Google appears to be working on allowing pseudonyms and pen names on Google+ that can be verified and would likely roll out this support at the same time as business names, according to a Google source in contact with a Dutch developer involved in the "nymwars."
In his Google+ post, Stephen R. van den Berg summarized the source, whom he is certain is a Google employee, as follows:
"One of the reasons it has not been rolled out yet is that there is a difference in rights between rights to carry a business name, or to carry a private name...This support was not ready yet, hence the (temporary) restriction to use personal names only, and no nyms. Quite recently support for verified accounts was added, so part of the solution is visible already."
Stephen commented that Google will likely only support pseudonyms "where it is possible to discover the real name behind it."
Google's current policy requires all Google+ members to use their real names or face suspension from its social network. LGBT and domestic violence groups have been pressuring Google to change its policy, arguing that members of their communities have legitimate reasons for using pseudonyms.
Last week, Google amended its policy to give people with alleged pseudonyms four days to comply [see our story ], but the change has not resolved the issue.

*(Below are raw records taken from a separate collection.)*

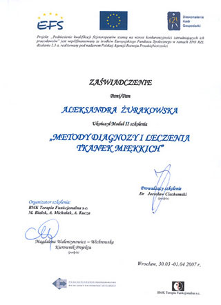 - podstawowy i rozwijający kurs PNF zakończony egzaminem,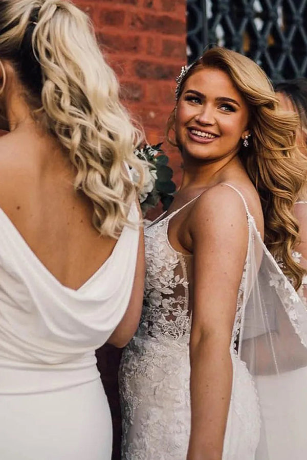 Haz que tu día especial sea aún más especial con este elegante vestido de novia de encaje color marfil con corte sirena. Con un escote impactante y una falda de estilo bohemio, este exquisito vestido de novia para bodas en la playa sin duda...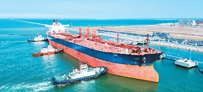東營海關數(shù)據(jù)顯示,今年上半年,山東省東營市東營港進出境貨運量807.3萬噸、貨值344.7億元,同比分別增長492.2%、556.5%。圖為7月30日,東營港10萬噸級碼頭,進口貨輪經(jīng)海關監(jiān)管后,駛出碼頭。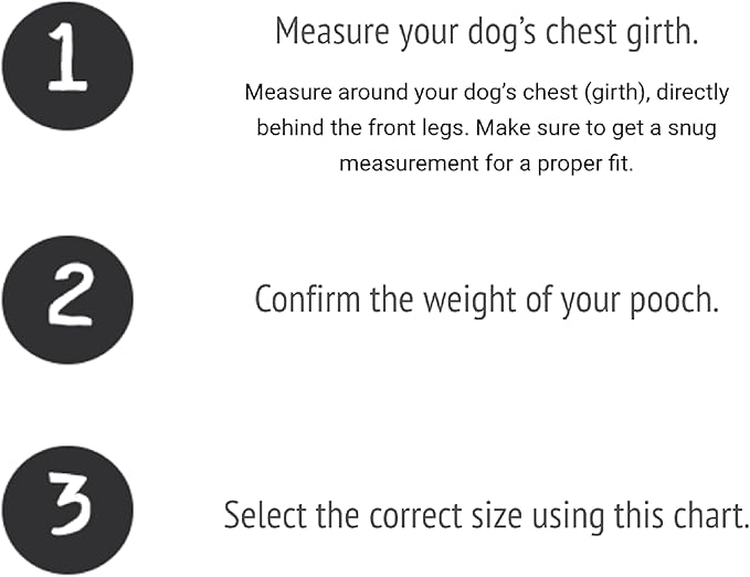 - Please also refer to Sizing & Fitting Steps Images. Size 1: Chest Girth: IN 8-10 or CM 20-25 and Weight up to 2 LBS Size 2: Chest Girth: IN 10-12 or CM 25-30 and Weight 2-4 LBS; Size 2.5 Girth: IN 11-13 or CM 27-32 and Weight 3-5 LBS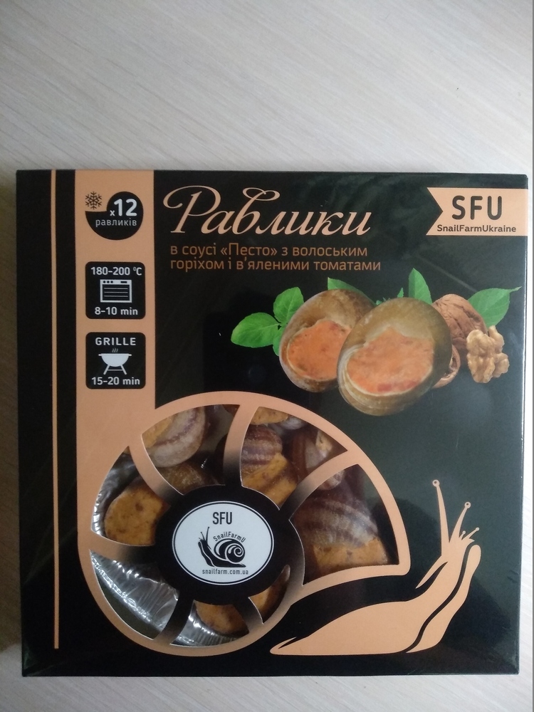 Состав: приготовленное(вареное) мясо улиток (виноградная улитка), сливочное масло,томаты вяленые, ядра грецких орехов, оливковое масло, чеснок свежий, соль поваренная пищевая, базилик, перец черный.
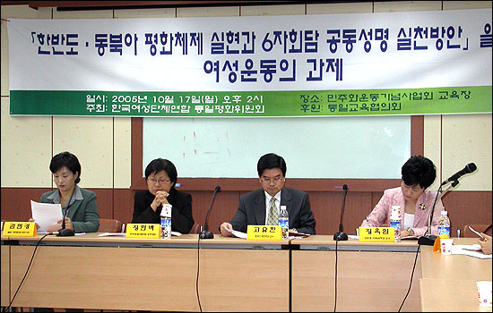 ‘6자회담 이후의 여성통일운동’을 주제로 발제에 나선 정현백 대표(한국여성단체연합 공동대표)는 “중국, 한국, 일본 여성들이 함께 6자회담의 성사를 지원하기 위한 캠페인을 시작하고 동북아 평화공동체 건설을 위한 활동을 전개하는 한편, 남북 간 긴장을 완화하고 화해와 평화를 이룩하기 위해 인도적인 지원과 함께 북측여성들과의 대화와 교류를 지속시킬 것”이라고 밝혔습니다.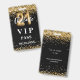 Um crachá VIP moderno, na moda e glamouroso para um aniversário de 21 anos. Um fundo preto decorado com confete de ouro falso. Com o texto: VIP. Personalize e adicione o nome e os detalhes da festa.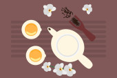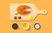 Grillowana ryba z warzywami. Tradycyjne śródziemnomorskie danie na ciemnym drewnianym tle z pomidorami, ziołami i przyprawami. Ilustracja wektora.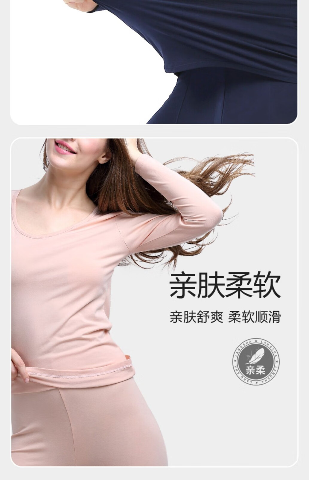 浪莎秋衣秋裤男士女士保暖内衣秋冬莫代尔贴身圆领打底衫女士内搭修身 女款-黑色 L女(165/95)

LAUNCH asked Google to confirm that pseudonyms will eventually be allowed and received this non-answer from a spokesperson: "Google Profiles are designed to be public pages on the web, which are used to help connect and find real people in the real world. By providing your common name, you will be assisting all people you know - friends, family members, classmates, co-workers, and other acquaintances - in finding and creating a connection with the right person online."
Stephen's source indicates that CEO Larry Page is aware of the issue but may not be "properly informed" while Sergey Brin is noticeably absent from an internal debate in which many Googlers support the case for pseudonyms.
Senior VP of Engineering Vic Gundotra allegedly sees himself as the "visionary of G+ policies" in Stephen's paraphrasing and dismisses those who disagree with him as not getting it. And VP of Product Bradley Horowitz is reportedly not happy that he is tasked with making public announcements to find out later that his response was not 100% true.
The source also reported that some employees have left the company because of the issue, and that pseudonyms are a recurring topic at Friday meetings -- sometimes taking over the agenda. Even employees who do not believe Google+ should allow pseudonyms reportedly think the company is handling the debate poorly.
In response to Stephen's post, an anonymous person reporting to have "close ties to a handful" of Google employees told Stephen (who published the text here) that engineers have been fighting the internal battle far longer than the month-long public war over names.
The anonymous person also writes, "It seems that the G+ team is currently overwhelmed with technical issues of the current system -- that, combined with Vic's attitude, means that nymwars is not going to be addressed anytime soon. If engineers can scrape together 20% time to implement possible solutions and manage to convince decision-makers to let them roll out changes, we might see something."